Arbitrary Code Execution Vulnerability in Tenable Products
CVE-2026-33694

7.4HIGH

Key Information:

Vendor: Tenable, Inc.
Status: Tenable Nessus, Tenable Nessus Agent
Vendor: CVE Published:; 23 April 2026

🔔 Create Tenable, Inc. Vulnerability Alert

Badges

📈 Score: 372👾 Exploit Exists📰 News Worthy

What is CVE-2026-33694?

CVE-2026-33694 is a significant vulnerability identified in Tenable products, which are widely used for security and vulnerability management within various organizations. This vulnerability permits an attacker to create a junction that leads to the deletion of arbitrary files with SYSTEM privileges. The implications of this vulnerability are severe, as it enables attackers to execute malicious code at elevated SYSTEM levels. As Tenable products are integral to many organizations' security postures, the exploitation of this vulnerability could lead to critical disruptions, including unauthorized access to sensitive information and the potential for widespread damage to IT infrastructure.

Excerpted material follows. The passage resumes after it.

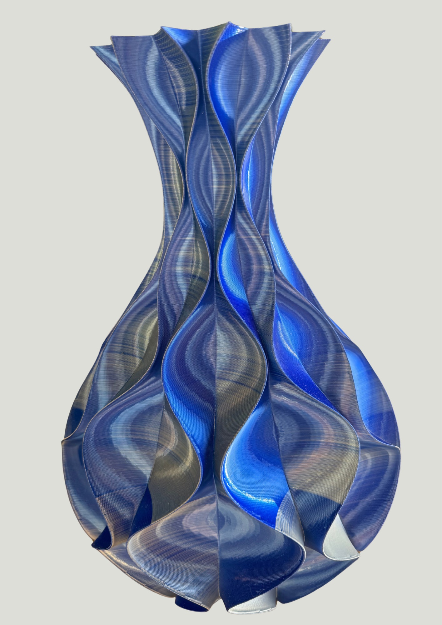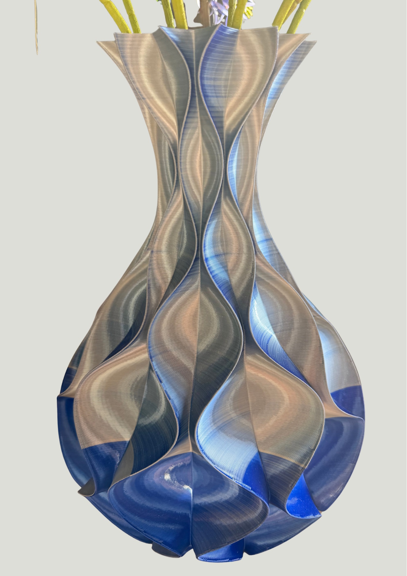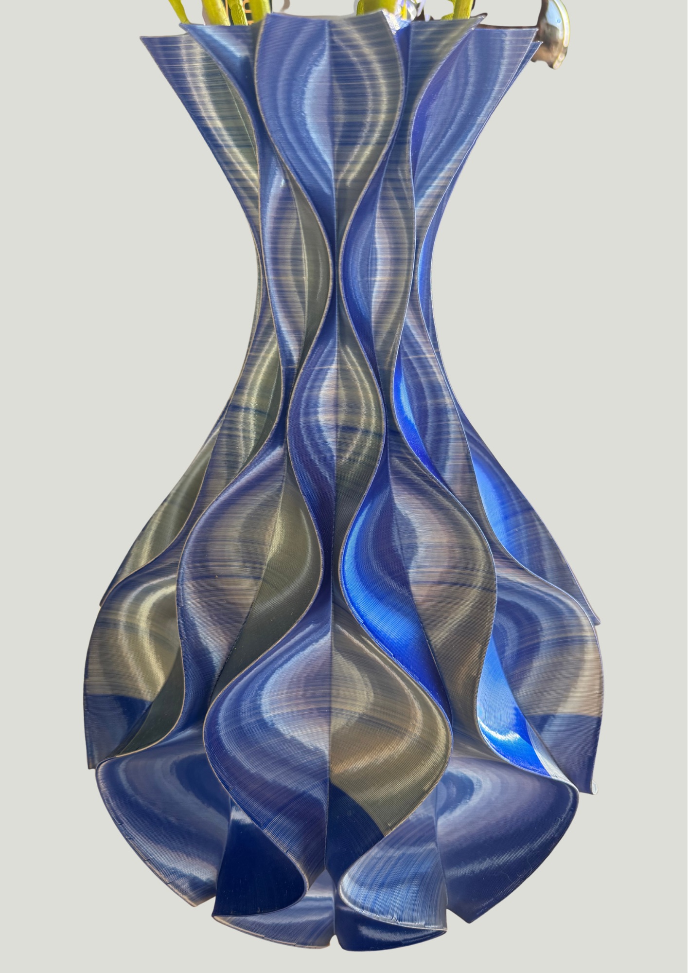 Op zoek naar woondecoratie die écht iets bijzonders toevoegt? Deze paarse 3D-geprinte vaas is een unieke eyecatcher die jouw interieur laat sprankelen. Het speciale effect? Zodra je er langs loopt of het licht erop valt, verandert de paarse kleur subtiel naar blauw. Zo ontstaat er een dynamisch en bijna magisch accent in je woonkamer, slaapkamer of kantoor.

Potential impact of CVE-2026-33694

Arbitrary Code Execution: The vulnerability grants attackers the ability to execute malicious code with elevated privileges, potentially allowing them to take full control of affected systems, which could lead to unauthorized data access or system manipulation.
Data Loss and Corruption: The ability to delete arbitrary files can result in significant data loss and corruption. This manipulation may disrupt business operations and compromise important data integrity, leading to further financial and reputational ramifications for organizations.
Increased Attack Surface: The existence of this vulnerability expands the attack surface for organizations relying on Tenable products, potentially making them a target for cybercriminal activities, including ransomware attacks, as attackers may exploit these systems to achieve broader network access.